Of course, none of these give you much protection against Google or Facebook or your ISP selling your data for profit. Good luck believing that they put your interest before theirs.


----------



## facedebouc (Jan 23, 2022)

I am currently running my browser as another user which can't access my files and it's enough security for me.
It's a combination of security/sudo and a startup script in my own bin directory.

$HOME/bin/mybrowser.sh

```
#!/bin/sh
#
# Run my favourite Web browser under limited user account
# to prevent access to sensitive data.

PATH=/usr/local/bin:/usr/bin:/bin

AUTHUSER=joebrowser
AUTHSTRING=SI:localuser:${AUTHUSER}
AUTHBROWSER=firefox

xhost +${AUTHSTRING} > /dev/null
sudo -n -u ${AUTHUSER} ${AUTHBROWSER}
xhost -${AUTHSTRING} > /dev/null
```

/usr/local/etc/sudoers

```
# Allow joe user to run Firefox as joebrowser user
joe  mycomputer=(joebrowser) NOPASSWD: /usr/local/bin/firefox
```

I added myself to the _joebrowser_ group to access his _Download_ directory.


----------



## grahamperrin@ (Feb 6, 2022)

john_rambo said:


> A month back I had installed OpenBSD but then I moved back to FreeBSD. While using Firefox under OpenBSD I found that Firefox is completely isolated. I was not able to either upload or download any file to my /home/username. I can do this under Linux using firejail. Can I implement this kind of isolation under FreeBSD ? My goal is to isolate Firefox like OpenBSD leaving only /home/username/Downloads.



I thought first of this: 

GitHub - ddowse/jailfox: A BastilleBSD template to run Firefox in a secure containerized environment : freebsd

However: 









						Bastille jail: no sound in firefox
					

I have successfully created a jail & installed Firefox inside the jail problem Firefox is completely mute. I can't watch Youtube. How do I enable sound in the jailed Firefox ?




					forums.freebsd.org
				




Earlier: 









						Do you run Firefox inside a jail ?
					

When I was using Linux I used a sandbox tool called Firejail. I was using almost all network facing apps inside firejail sandbox. When I tried to find an Firejail alternative for GhostBSD/FreeBSD I found this >> click here.  I am at the moment using Firefox without any sandbox. Is that bad for...




					forums.freebsd.org


----------



## john_rambo (Feb 6, 2022)

elimelech007 said:


> By default Chromium on OpenBSD (not so) recently got OpenBSD’s unveil(2) support. That means that of you run Chromium with `--enable-unveil` flag then it will be prevented from accessing anything other than the ~/Downloads directory. No such thing on FreeBSD exists. Firefox or Chromium have access to all files user can read – even to your system sshd(8) keys or even worse to your private keys laying in the ~/.ssh dir.
> 
> Is it so critical and is it necessary to make a container for the browser? Why does the operating system give such permissions by default?
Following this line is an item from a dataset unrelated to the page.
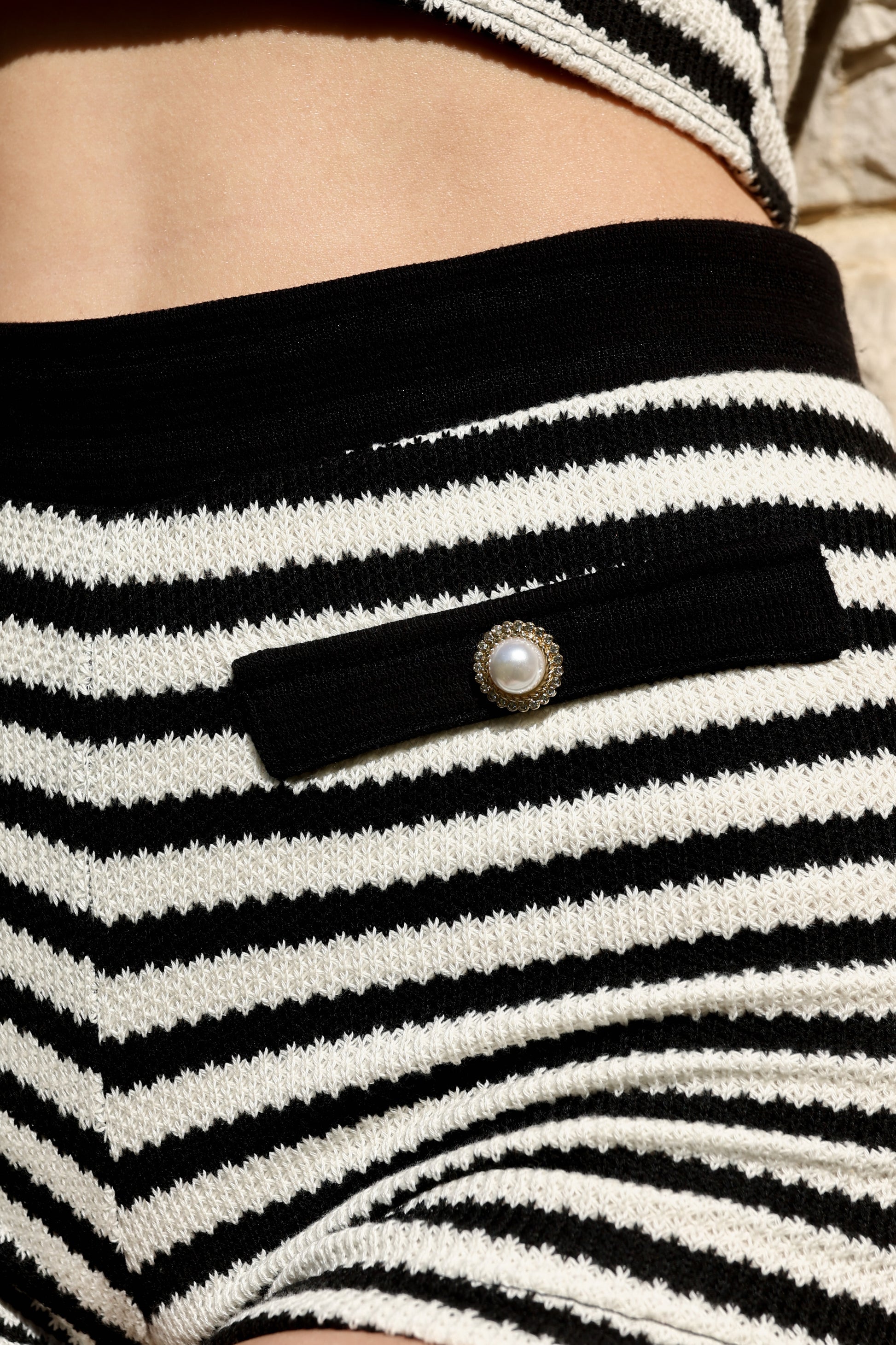 A striped two-piece with a soft, structured fit and pearl-button details. Designed to move with ease, it’s an effortless set made for warm days and relaxed evenings.

I tried OpenBSD some months back and found that Firefox is fully isolated. Not even ~/Downloads is whitelisted. I was trying to upload a file but couldn't. I am paranoid about security so I was quite happy but later I found that OpenBSD offers absolutely zero updates for not only Firefox but all user installed applications. You have no choice but to use that same version of Firefox which that version of OpenBSD has in its repos. They offer updates to the base using `syspatch` but again no updates for Firefox. In the end you get a super secure base (as per their claim) with a out of date web browser.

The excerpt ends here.